- Problem:
Please write out only the lines from the one containing "Yealink Phone Headsets" through the last line of the listing. Do not include pictures.

- Recorded information:

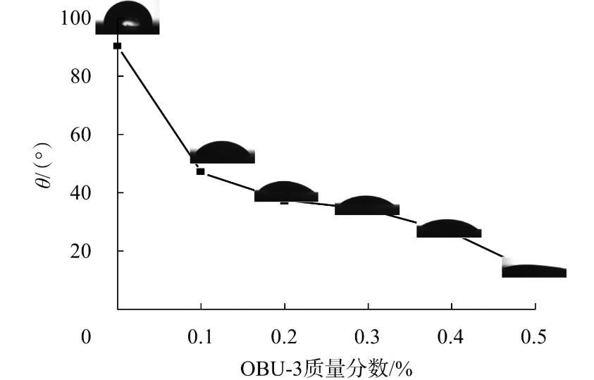 圖5 OBU-3質量分數對原油處理岩石薄片後接觸角的影響
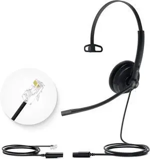 Yealink Phone Headsets for Office Phones YHS34 Lite QD to RJ9 Wired Headset Compatible with Poly Snom Grandstream Phones Desk Landline Headset with Microphone -Mono/68g/2.1m Cable
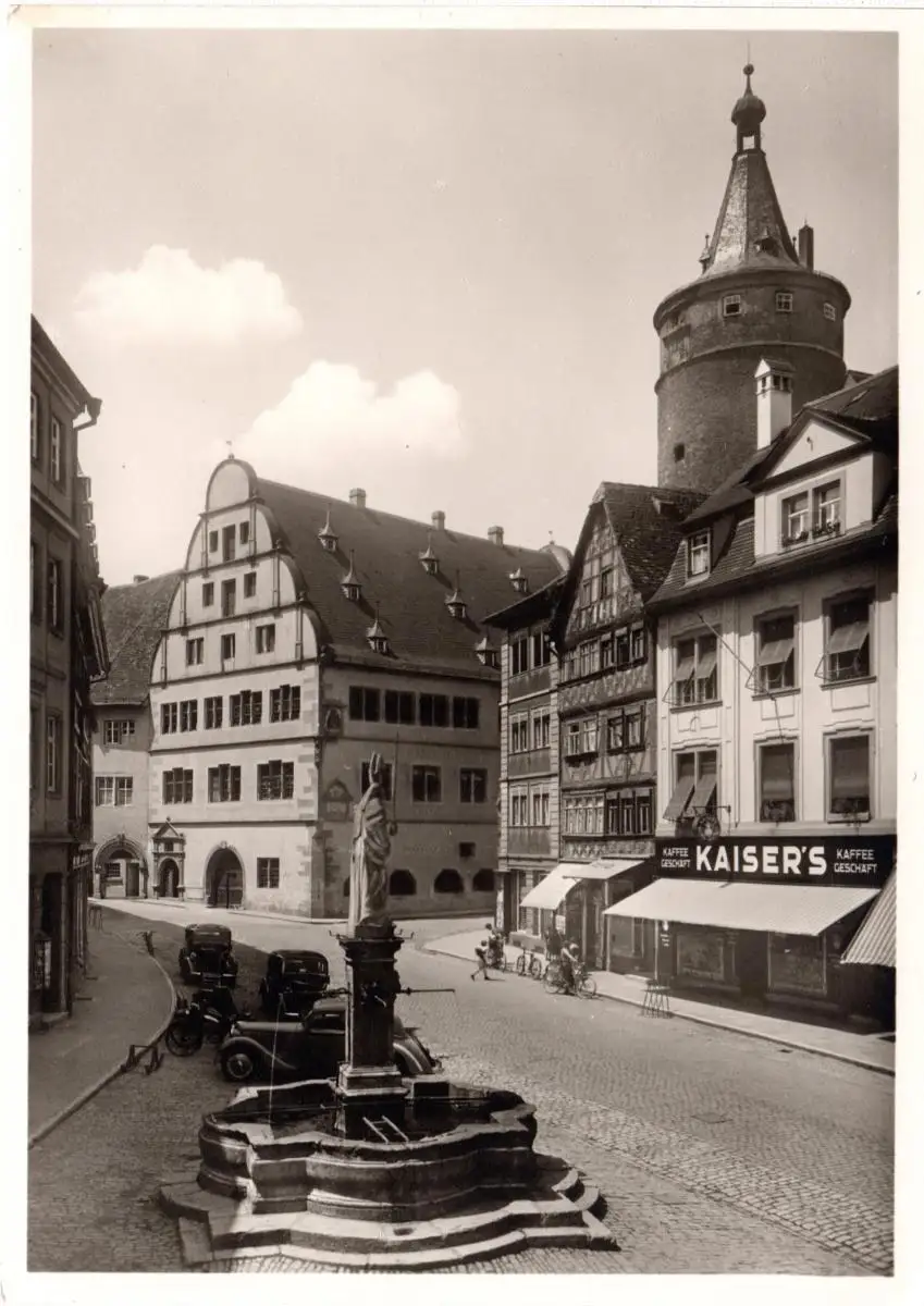 Kitzingen, Marktbrunnen m. Geschäften, Oldtimer u. Personen, ungebr sw-AK
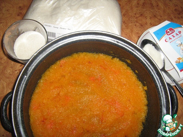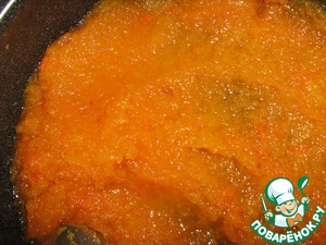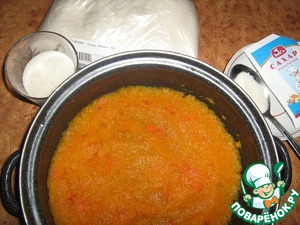 Запеченную тыкву растолочь в пюре, добавить сахар и ванильный сахар.
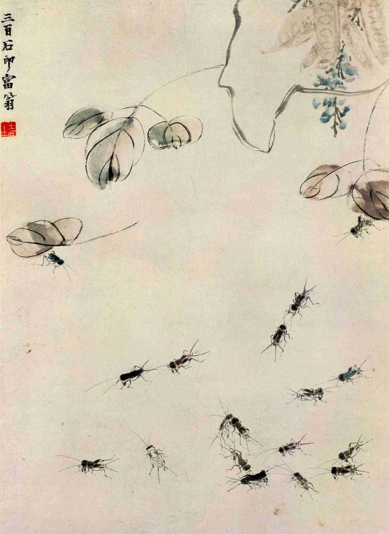 五九 螞蚱貝葉 (廣豳風圖册之一) 一九二一年 縱二五點四厘米 橫三二點五厘米

- Response:
 Yealink Phone Headsets for Office Phones YHS34 Lite QD to RJ9 Wired Headset Compatible with Poly Snom Grandstream Phones Desk Landline Headset with Microphone -Mono/68g/2.1m Cable
 Kitzingen, Marktbrunnen m. Geschäften, Oldtimer u. Personen, ungebr sw-AK
 Запеченную тыкву растолочь в пюре, добавить сахар и ванильный сахар.
 五九 螞蚱貝葉 (廣豳風圖册之一) 一九二一年 縱二五點四厘米 橫三二點五厘米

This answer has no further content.